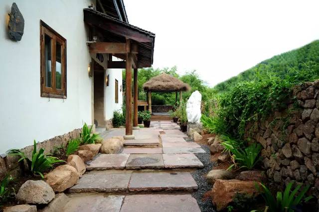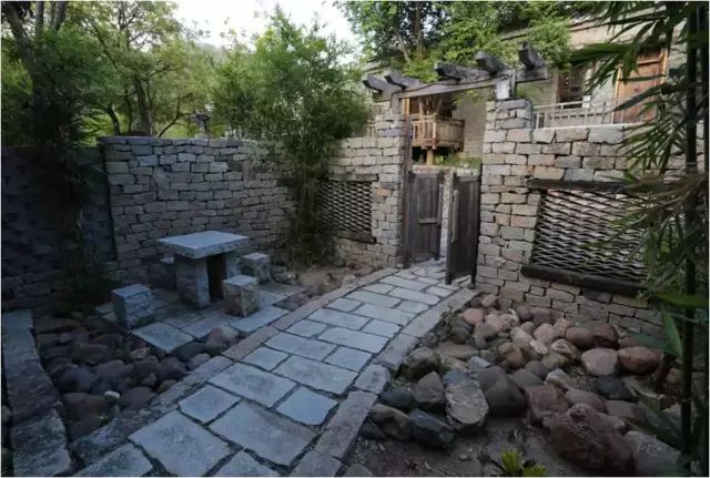 门前有石阶,是用有纹理天然石块的削成。种一些野花草在石阶缝隙内,取带有苔藓痕迹未经斧凿的石块砌成围墙,这样便有了山谷间的风味。
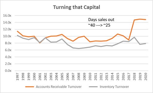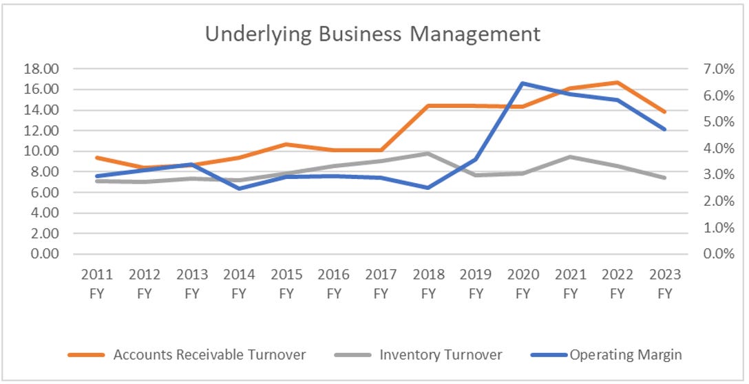 Operational Improvements are pretty straightforward and exemplified by them simply turning AR faster (from ~40 days to ~30 days) while gross margins remain strong and stable at 8-10% (14-20%+ in 2020/21 not sustainable, or at least we wouldn’t want to assume they are).
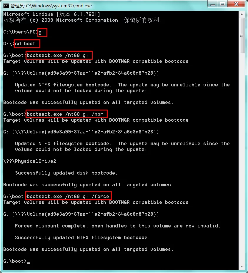 Bootsect.exe在每一次更新之前总是尝试锁定和卸载卷。当/force被指定时,如果锁定尝试失败,一个强制的卸载将会被尝试。锁定会有失败的情况,例如,当目标卷上的文件正被其他的程序打开。
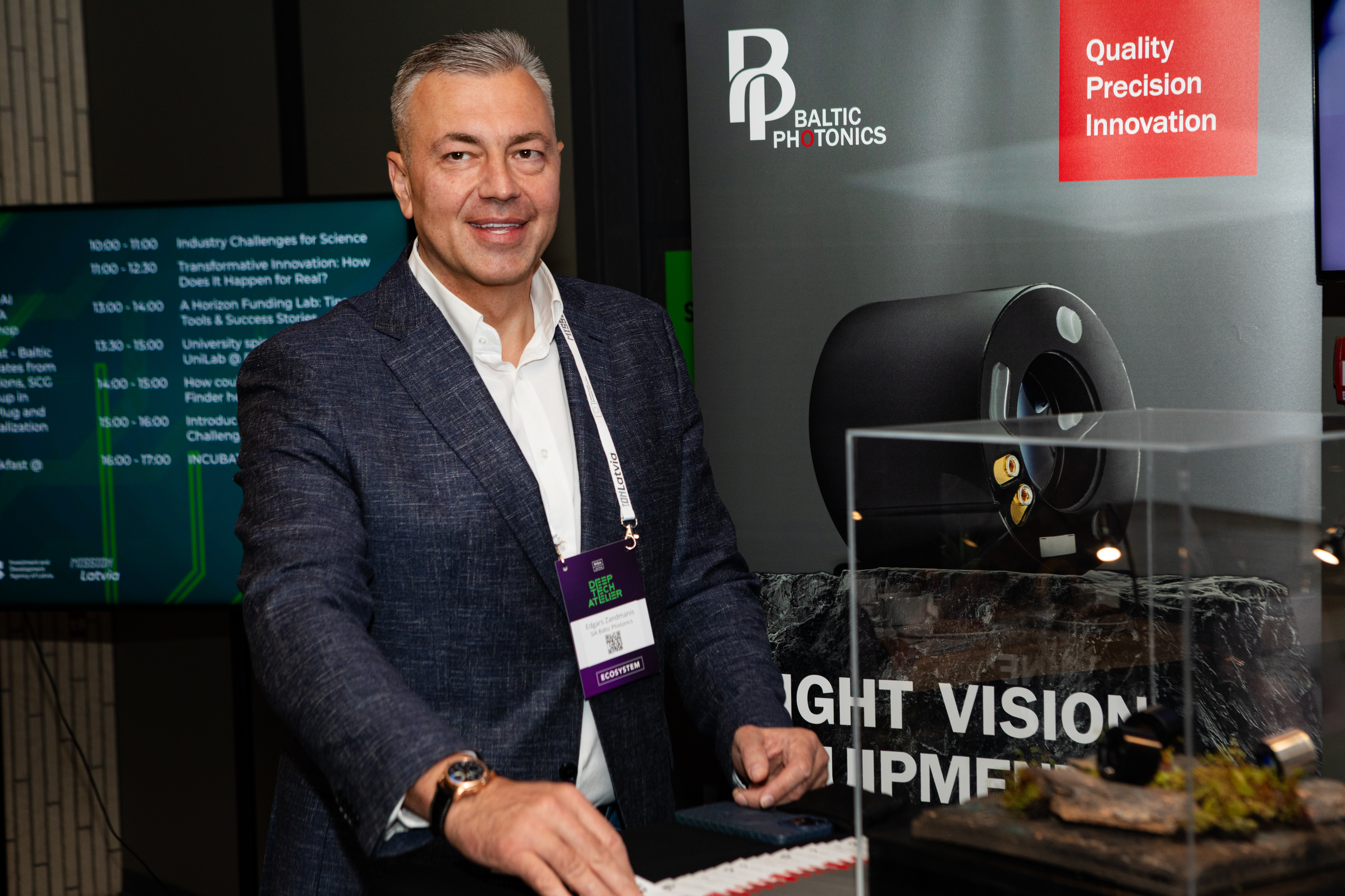 Latvijā izstrādāta nakts redzamības tehnoloģija piesaista uzmanību Deep Tech Atelier 2025 konferencē 16/05/2025Latvijā izstrādāta nakts redzamības tehnoloģija piesaista uzmanību Deep Tech Atelier 2025 konferencēLasīt vairāk2025. gada 16. maijā uzņēmums SIA “Baltic Photonics” piedalījās Deep Tech Atelier 2025 — vadošajā Baltijas reģiona zinātnes un tehnoloģiju konferencē, kas šogad īpaši pievērsās aizsardzības inovācijām, tehnoloģiju suverenitātei un drošības infrastruktūras stiprināšanai.

* * *

Keeping pictures out, repeat exactly the lines from the one containing "Operational Improvements are" through the end of the listing.

 Operational Improvements are pretty straightforward and exemplified by them simply turning AR faster (from ~40 days to ~30 days) while gross margins remain strong and stable at 8-10% (14-20%+ in 2020/21 not sustainable, or at least we wouldn’t want to assume they are).
 Bootsect.exe在每一次更新之前总是尝试锁定和卸载卷。当/force被指定时,如果锁定尝试失败,一个强制的卸载将会被尝试。锁定会有失败的情况,例如,当目标卷上的文件正被其他的程序打开。
 Latvijā izstrādāta nakts redzamības tehnoloģija piesaista uzmanību Deep Tech Atelier 2025 konferencē 16/05/2025Latvijā izstrādāta nakts redzamības tehnoloģija piesaista uzmanību Deep Tech Atelier 2025 konferencēLasīt vairāk2025. gada 16. maijā uzņēmums SIA “Baltic Photonics” piedalījās Deep Tech Atelier 2025 — vadošajā Baltijas reģiona zinātnes un tehnoloģiju konferencē, kas šogad īpaši pievērsās aizsardzības inovācijām, tehnoloģiju suverenitātei un drošības infrastruktūras stiprināšanai.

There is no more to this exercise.